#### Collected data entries
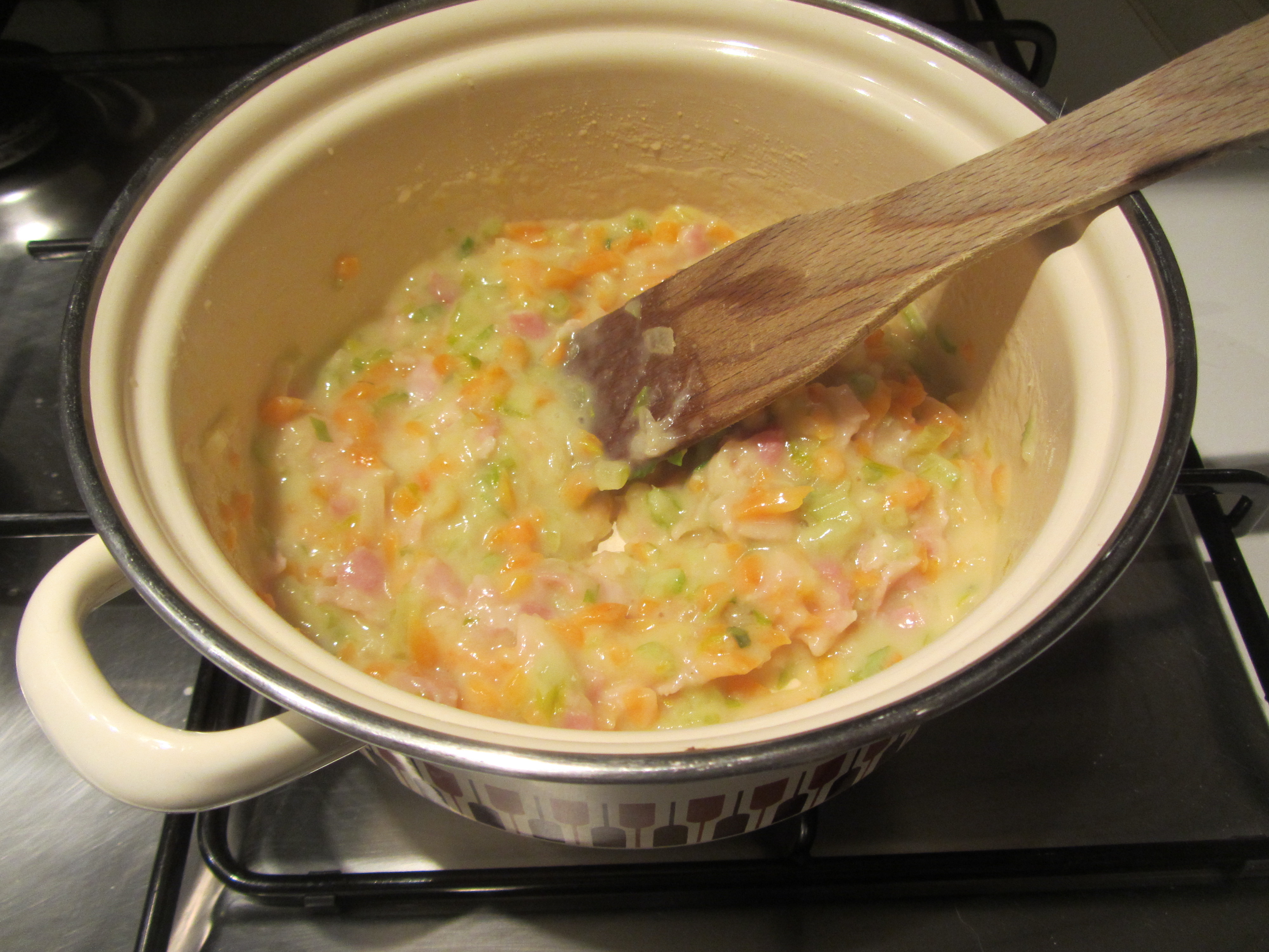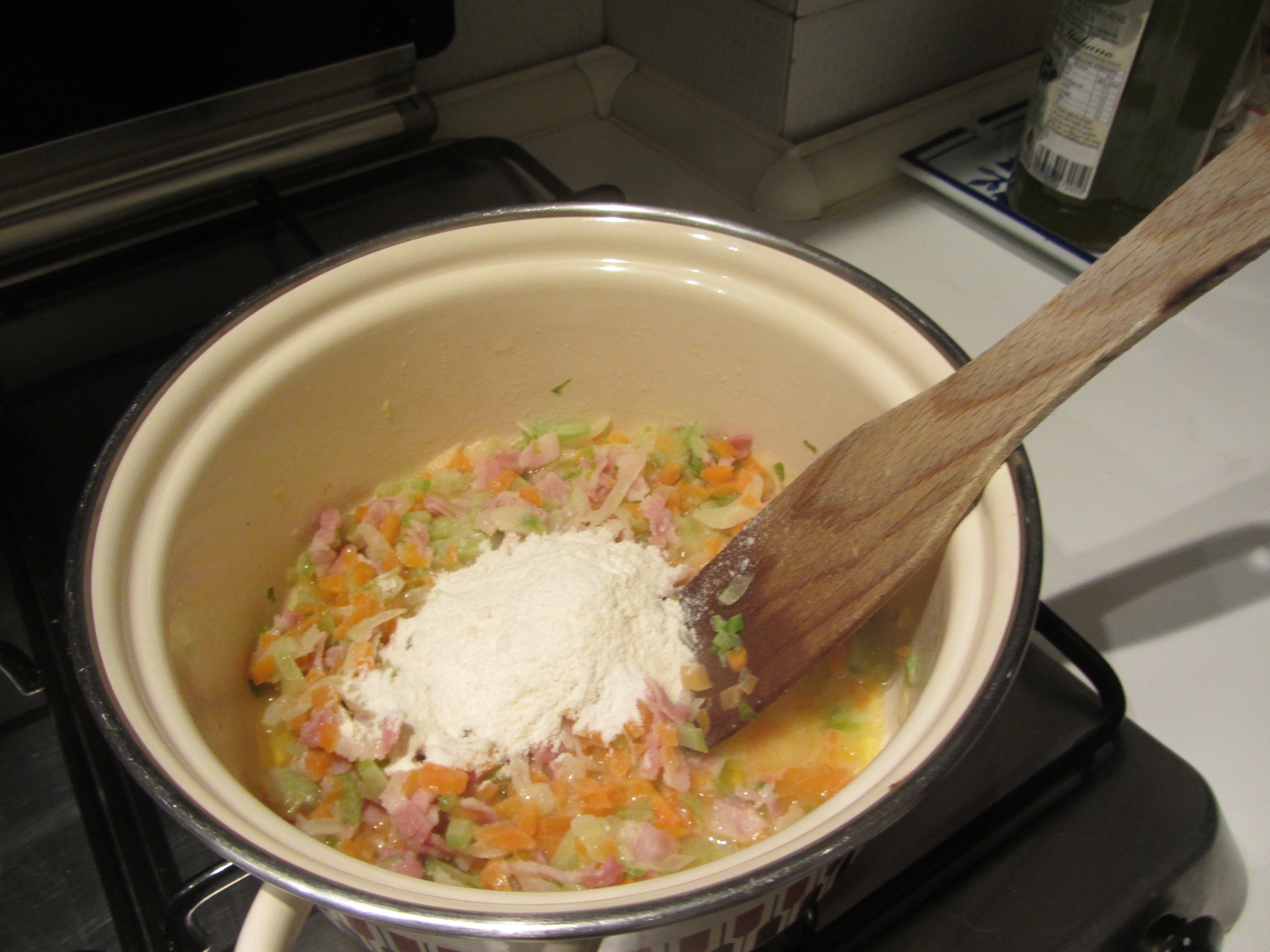 Aggiugere prima l’acqua delle vongole e poi della farina al battuto e bacon rosolati.
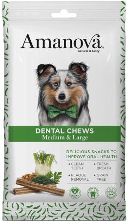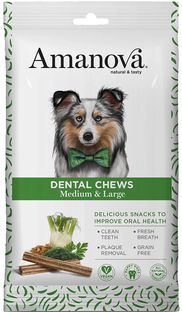 • Amanova Dental Przysmak dla Psa M i L Wegański 100g to dentystyczna przekąska dla Twojego pupila, z lukrecją i fenkułem.
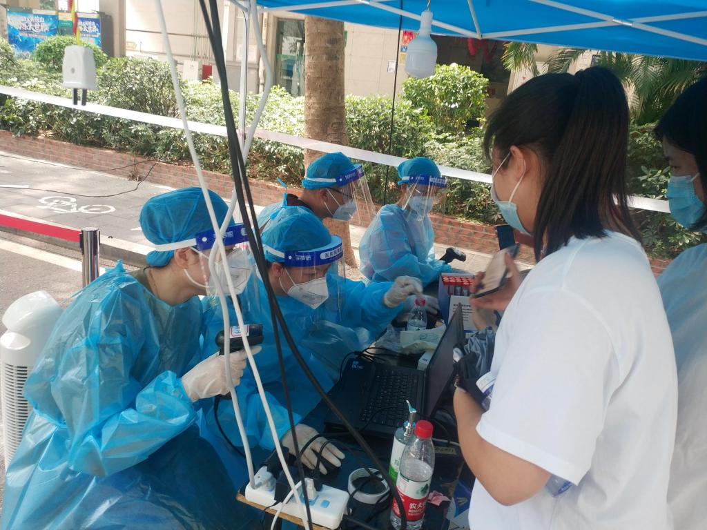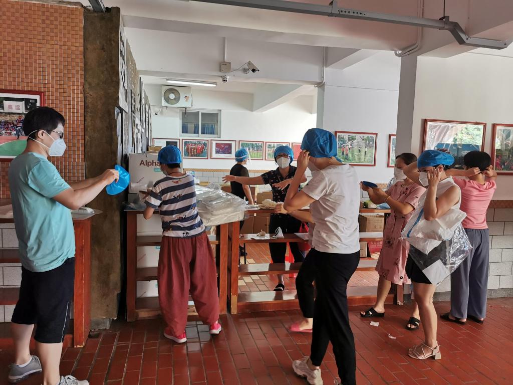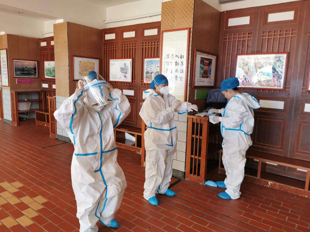 此次多轮核酸检测,时间紧,人数多,任务重,教师志愿者们一到现场就迅速做好防护措施,准时上岗,积极投入工作中。
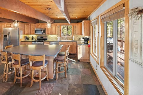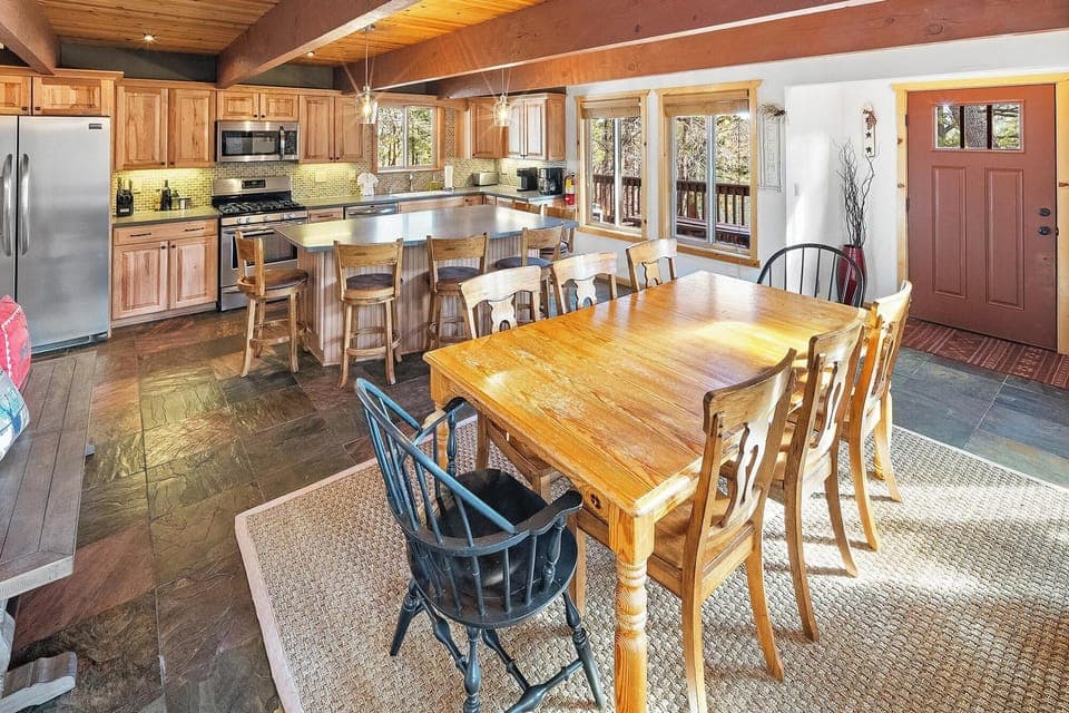 The fully stocked kitchen is perfect for creating anything from a family style dinner to a quick breakfast before you head out the door for your day of adventures. The solid wood dining table and seating for eight allows your group to gather together for meals while six barstools at the kitchen island breakfast bar offer extra seating.
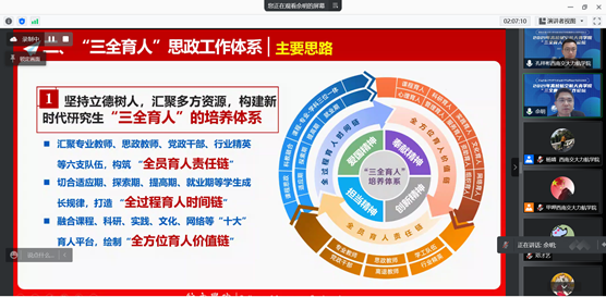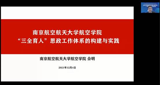 南京航空航天大学佘明作了题为“学院‘三全育人’思政工作体系的构建与实践”的报告,介绍了学院面向航空工业发展的战略需求,汇聚一流学科、一流师资、一流平台、一流企业等校内外优势教育资源,构建和实施了“三全育人”视角下育人过程协同、育人主体协同、育人平台协同的“三协同”人才培养新体系的创新做法和积极成效。
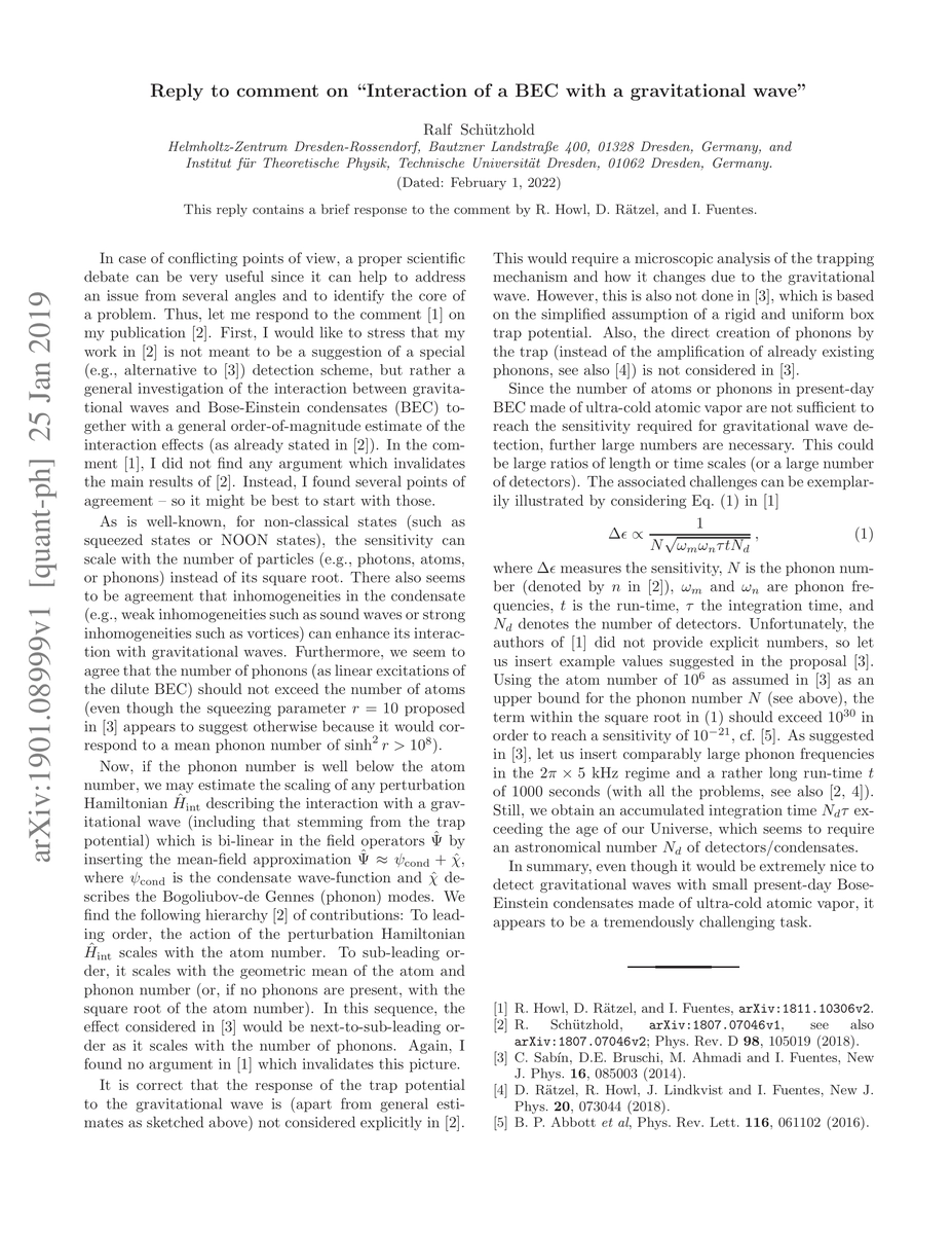 This reply contains a brief response to the comment by R. Howl, D. R\"atzel, and I. Fuentes [arXiv:1811.10306]

#### Exercise instructions
Reproduce every record above word for word. Leave the pictures out.

#### Task response
 Aggiugere prima l’acqua delle vongole e poi della farina al battuto e bacon rosolati.
 • Amanova Dental Przysmak dla Psa M i L Wegański 100g to dentystyczna przekąska dla Twojego pupila, z lukrecją i fenkułem.
 此次多轮核酸检测,时间紧,人数多,任务重,教师志愿者们一到现场就迅速做好防护措施,准时上岗,积极投入工作中。
 The fully stocked kitchen is perfect for creating anything from a family style dinner to a quick breakfast before you head out the door for your day of adventures. The solid wood dining table and seating for eight allows your group to gather together for meals while six barstools at the kitchen island breakfast bar offer extra seating.
 南京航空航天大学佘明作了题为“学院‘三全育人’思政工作体系的构建与实践”的报告,介绍了学院面向航空工业发展的战略需求,汇聚一流学科、一流师资、一流平台、一流企业等校内外优势教育资源,构建和实施了“三全育人”视角下育人过程协同、育人主体协同、育人平台协同的“三协同”人才培养新体系的创新做法和积极成效。
 This reply contains a brief response to the comment by R. Howl, D. R\"atzel, and I. Fuentes [arXiv:1811.10306]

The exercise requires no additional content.